Your instructions
Your answer should consist solely of the lines from the one holding "(3) 両面焼き色がついて火" through the final line of the entries, reproduced exactly and without pictures.

Dataset records:

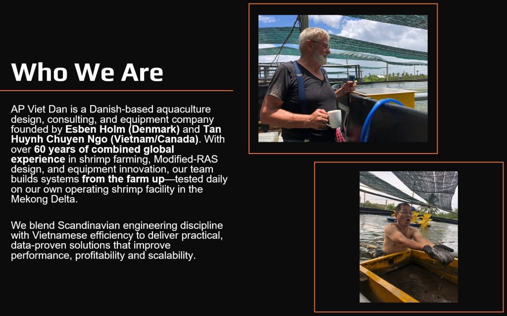 History and experience have brought us here, offering a hybrid (probiotics-light) modified-RAS design, equipment innovation, building systems from the farm up—tested daily on our own operating shrimp facility in the Mekong Delta.
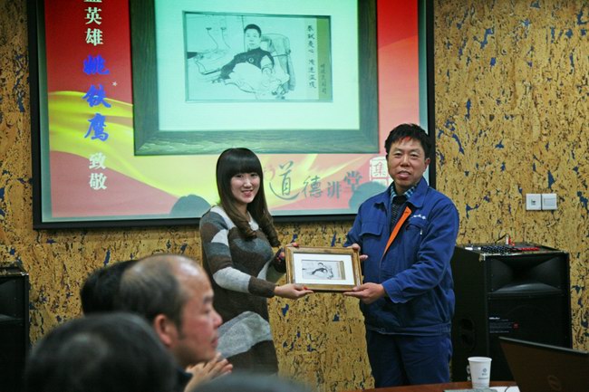 在學模范環節,我們的“身邊人”—來自公司系統中環水務有限公司的蚌埠助人為樂好人姚鐵鷹,講述他十年義務獻血2萬5千毫升的感人事跡。在活動現場,公司向姚鐵鷹贈送了由志愿者們制作的記錄他獻血義舉時的肖像,并向全體職工倡議:向蚌埠好人姚鐵鷹學習,將志愿服務化作自覺行為和生活方式。
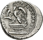 eagle, left, standing on garlanded altar, head right, caduceus in beak, palm left
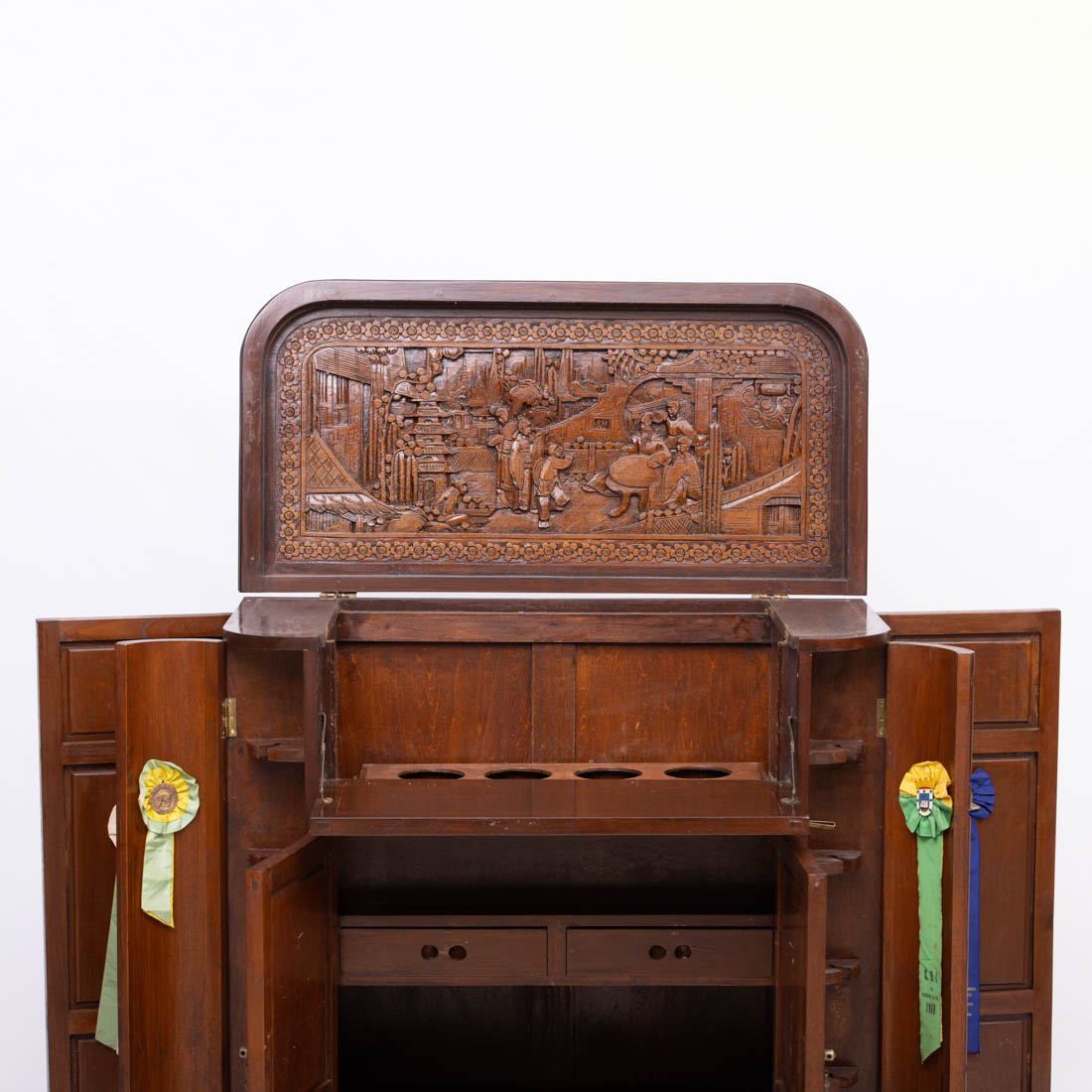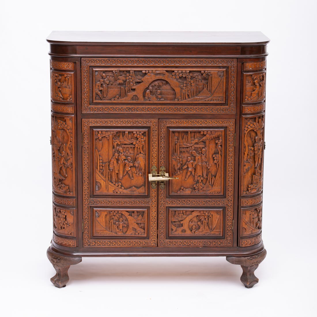 Em madeira exótica entalhada, decoração relevada "paisagens com figuras em cenas do quotidiano", de quatro portas sendo duas laterais. Com chave. Sinais de uso.
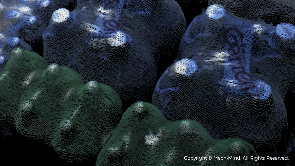 梅卡曼德為該工作站選配了Mech-Eye DEEP物流搬運場景專用工業級3D相機。透過對光學元件和核心成像算法的不斷升級,Mech-Eye DEEP能夠捕捉到透明且反光的膜包足夠的條紋信號,精確提取表面細微特徵,生成輪廓清晰、細節完整的3D點雲。透過為3D視覺系統提供精確的三維信息,確保卸棧過程更加穩定可靠。
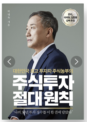 그래서 <주식투자 절대원칙> 초반부터 작가의 인사이트에 공감하기가 매우 어려웠다. 국내 주식에서 진득하게 가치 투자를 한다는게 선뜻 내키지 않았기 때문이다. 지금 삼성전자 주가가 6만 원대, 2020년도 가격으로 회귀한 상태이다. 물론 저자도 매도 없는 초장기 투자는 지양한다고 하지만, 그래도 우리나라 시총 1위 기업마저 박스피를 면치 못하는데 어떻게 저평가된 국내 기업을 찾아서 믿고 견딜 수 있을까? 그래도 최근에 기술적 분석위주로 공부를 하다가 오랜만에 가치투자에 대해 쉽게 쓰여있는 책을 읽다 보니 신선하긴 하였다. 게다가 이 책의 저자는 본인의 가치 투자 방법으로 천억대 자산가가 되었다고 하니 당연히 그의 인사이트를 배워야겠다고 생각했다. 내용 자체는 매우 쉽게 기술되어 있으니 하루정도면 다 읽을 수 있다.
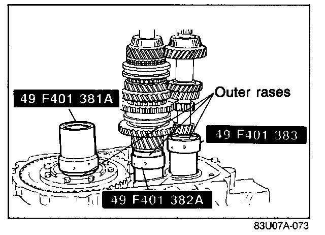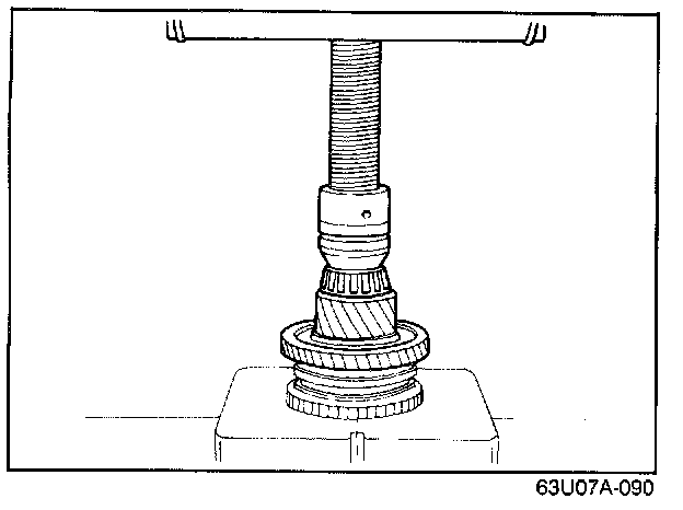 Press the inner race on the end of the primary shaft (4th gear end) with SST.
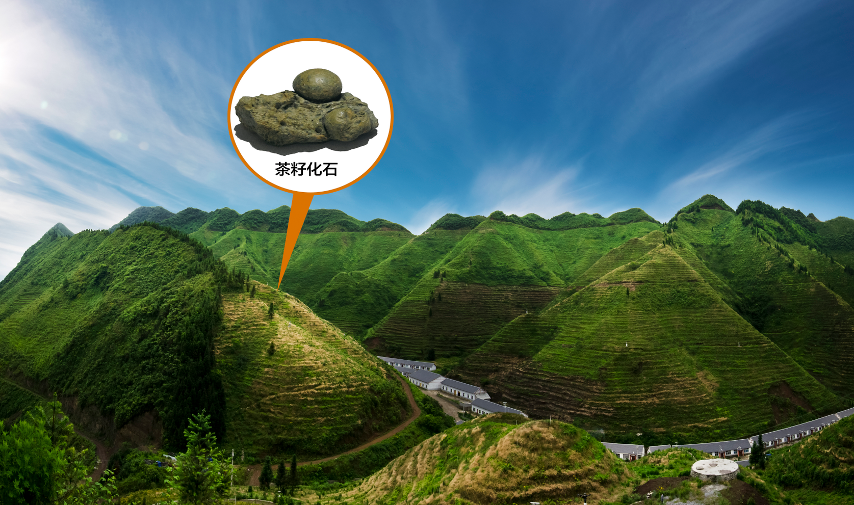 1980年,在黔西南州普安县和晴隆县交界处的云头大山,专家们发现了一颗古茶籽化石,经中科院南京地质古生物研究所鉴定,距今至少164万年,是全世界迄今为止唯一的古茶籽化石。目前,普安县境内繁衍着2万多株野生四球古茶树,其中千年以上的有3000多株。
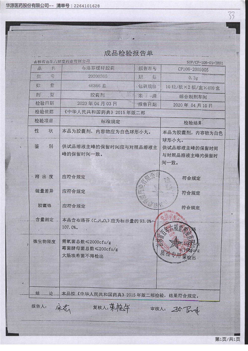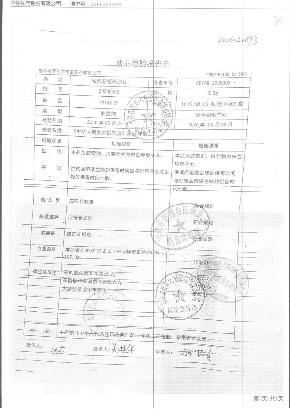 | 布洛芬緩釋膠囊 | 0.3g*12s | 20200503 | 查看詳情 |
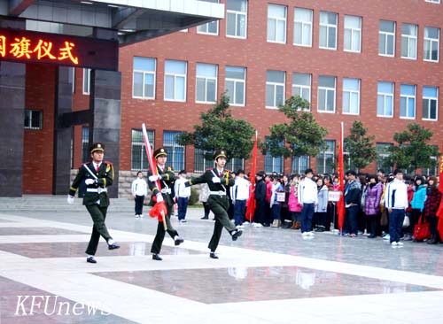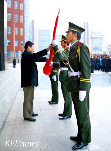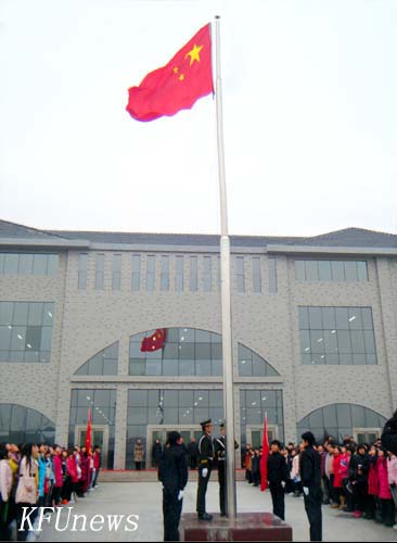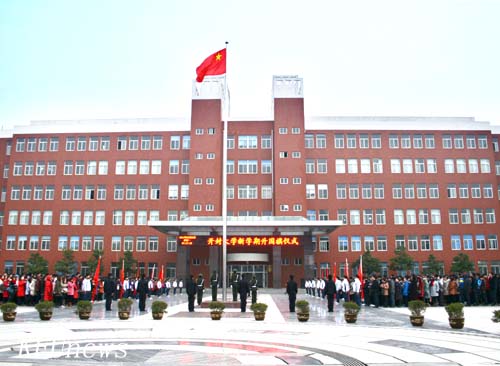 本站讯 2月28日清晨,我校在晋安路校区和东京大道校区分别举行新学期升国旗仪式。校升旗手分别从党委书记莫华林和校长拜五四手中迎过国旗,将神圣的国旗冉冉升起。全校万余名师生员工行注目礼,高唱国歌。党委副书记、副校长储建新和副校长赵辉讲话,两名学生代表分别发言。仪式分别由学工部长陈岩和校团委书记樊玉霞主持。
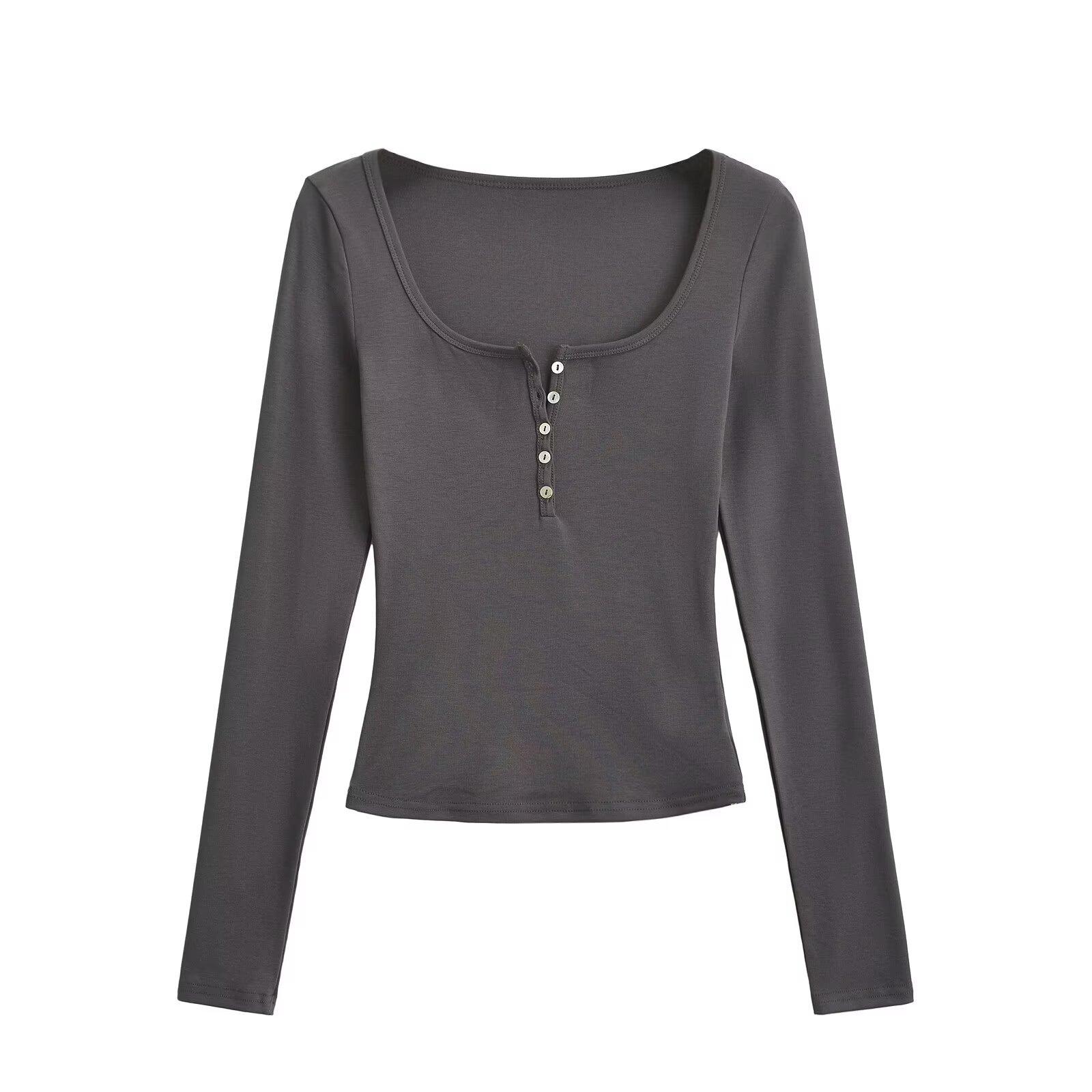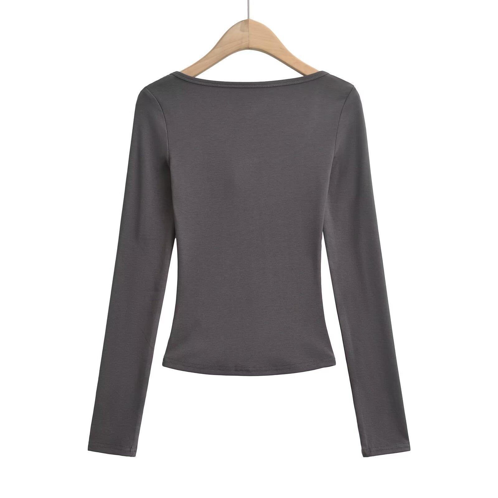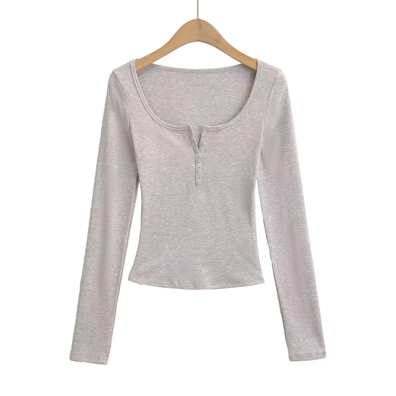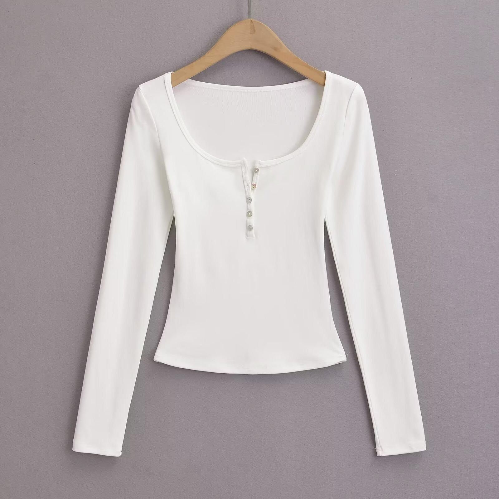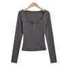 Camiseta de Estilo Deseo Puro con Cuello Semiabierto para Chica Picante, Ajustada, para Mujer, Camiseta Básica, Primavera y Otoño, Nueva, Hilo Americano, Botones, Manga Larga
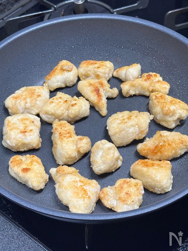 (3) 両面焼き色がついて火が通ったら、混ぜ合わせた【B】を加えて軽く煮からめる。
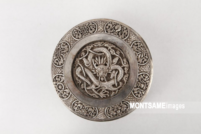 同県ダリガンガ郡の有名な鍛冶屋の1人であるダンバ・モロム氏が制作した銀椀だ。D.モロム鍛冶屋は、仏教の八宝、4人の強大な動物(ドラゴン、タカ、ライオン、トラ)およびトーノルジン模様などにドラゴンを組み合わせて彫刻することで優れている彫刻家だった。

Written answer
 (3) 両面焼き色がついて火が通ったら、混ぜ合わせた【B】を加えて軽く煮からめる。
 同県ダリガンガ郡の有名な鍛冶屋の1人であるダンバ・モロム氏が制作した銀椀だ。D.モロム鍛冶屋は、仏教の八宝、4人の強大な動物(ドラゴン、タカ、ライオン、トラ)およびトーノルジン模様などにドラゴンを組み合わせて彫刻することで優れている彫刻家だった。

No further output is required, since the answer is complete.